TASK REQUIREMENTS: Repeat the data as given. Images do not go in the copy.

DATA BLOCK:
----------------

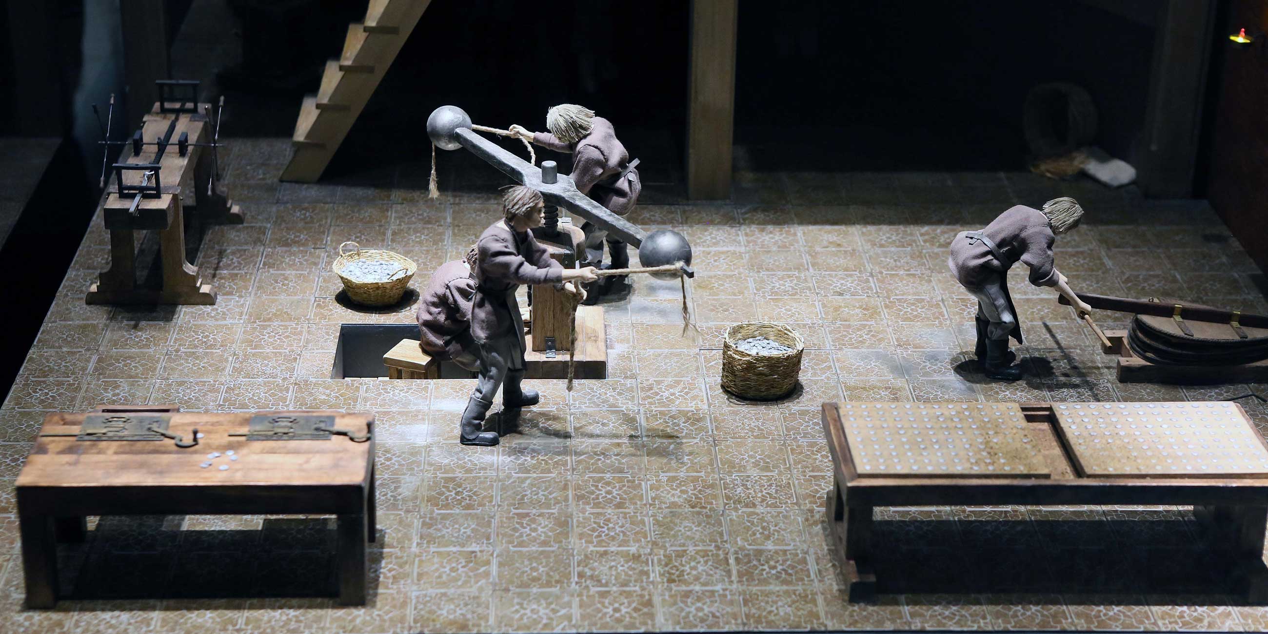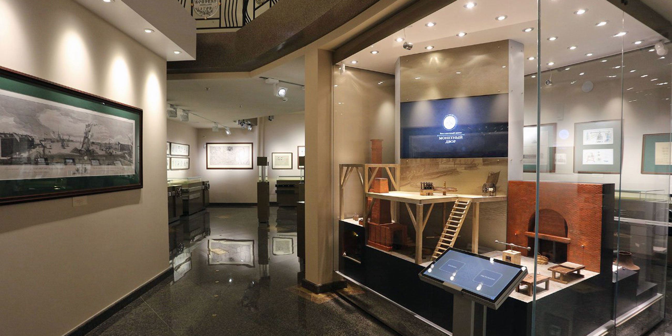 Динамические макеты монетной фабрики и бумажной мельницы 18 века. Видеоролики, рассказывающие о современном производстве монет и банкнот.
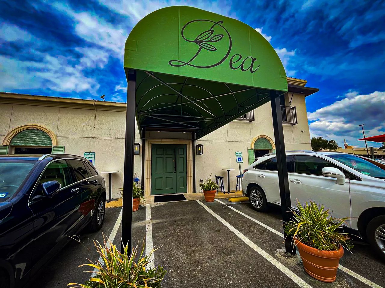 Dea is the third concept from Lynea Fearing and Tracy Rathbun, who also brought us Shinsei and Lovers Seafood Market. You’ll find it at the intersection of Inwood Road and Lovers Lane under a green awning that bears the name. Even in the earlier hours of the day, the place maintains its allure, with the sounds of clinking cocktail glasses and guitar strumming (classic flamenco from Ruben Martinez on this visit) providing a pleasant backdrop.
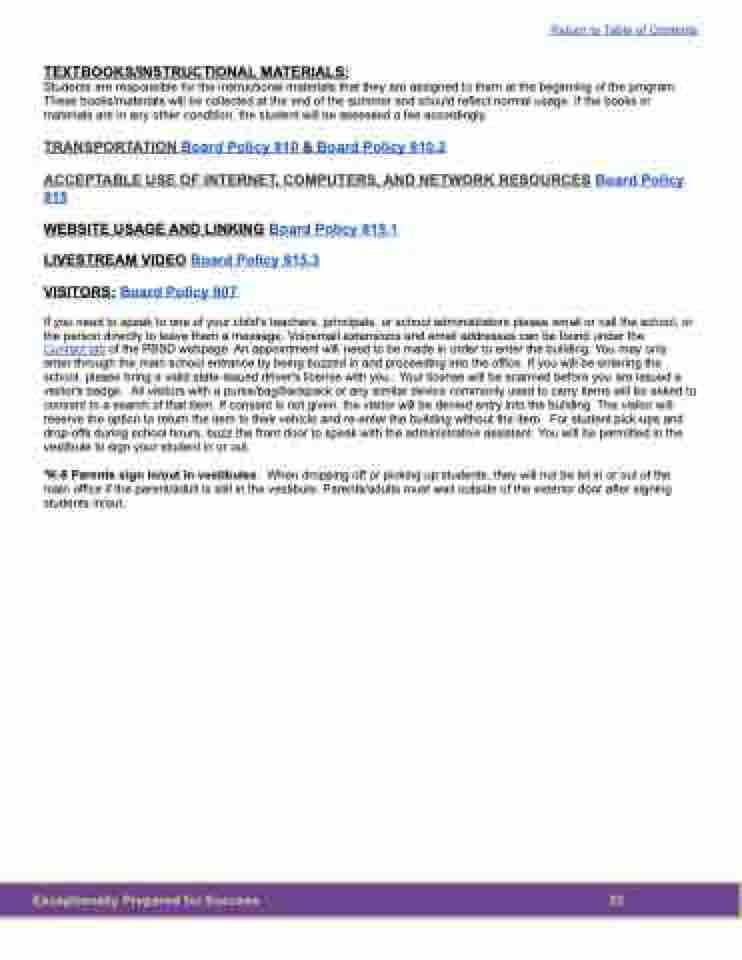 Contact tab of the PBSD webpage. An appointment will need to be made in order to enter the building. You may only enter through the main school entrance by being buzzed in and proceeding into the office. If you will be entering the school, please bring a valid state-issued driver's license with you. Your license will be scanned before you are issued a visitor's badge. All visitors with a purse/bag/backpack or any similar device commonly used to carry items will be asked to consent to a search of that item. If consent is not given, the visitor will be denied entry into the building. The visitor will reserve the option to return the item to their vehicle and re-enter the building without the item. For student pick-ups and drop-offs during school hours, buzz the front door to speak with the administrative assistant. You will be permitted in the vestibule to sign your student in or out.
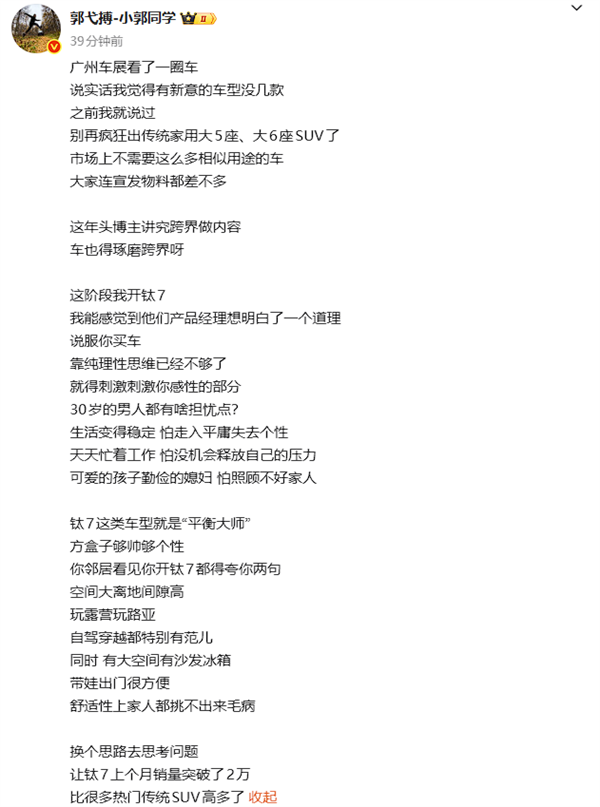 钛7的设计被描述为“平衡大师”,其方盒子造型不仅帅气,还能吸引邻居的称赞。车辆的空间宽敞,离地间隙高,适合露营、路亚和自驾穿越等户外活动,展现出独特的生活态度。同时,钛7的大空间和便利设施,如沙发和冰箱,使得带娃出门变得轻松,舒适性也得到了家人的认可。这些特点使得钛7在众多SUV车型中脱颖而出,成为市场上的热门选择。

----------------

COMPLETED TASK:
 Динамические макеты монетной фабрики и бумажной мельницы 18 века. Видеоролики, рассказывающие о современном производстве монет и банкнот.
 Dea is the third concept from Lynea Fearing and Tracy Rathbun, who also brought us Shinsei and Lovers Seafood Market. You’ll find it at the intersection of Inwood Road and Lovers Lane under a green awning that bears the name. Even in the earlier hours of the day, the place maintains its allure, with the sounds of clinking cocktail glasses and guitar strumming (classic flamenco from Ruben Martinez on this visit) providing a pleasant backdrop.
 Contact tab of the PBSD webpage. An appointment will need to be made in order to enter the building. You may only enter through the main school entrance by being buzzed in and proceeding into the office. If you will be entering the school, please bring a valid state-issued driver's license with you. Your license will be scanned before you are issued a visitor's badge. All visitors with a purse/bag/backpack or any similar device commonly used to carry items will be asked to consent to a search of that item. If consent is not given, the visitor will be denied entry into the building. The visitor will reserve the option to return the item to their vehicle and re-enter the building without the item. For student pick-ups and drop-offs during school hours, buzz the front door to speak with the administrative assistant. You will be permitted in the vestibule to sign your student in or out.
 钛7的设计被描述为“平衡大师”,其方盒子造型不仅帅气,还能吸引邻居的称赞。车辆的空间宽敞,离地间隙高,适合露营、路亚和自驾穿越等户外活动,展现出独特的生活态度。同时,钛7的大空间和便利设施,如沙发和冰箱,使得带娃出门变得轻松,舒适性也得到了家人的认可。这些特点使得钛7在众多SUV车型中脱颖而出,成为市场上的热门选择。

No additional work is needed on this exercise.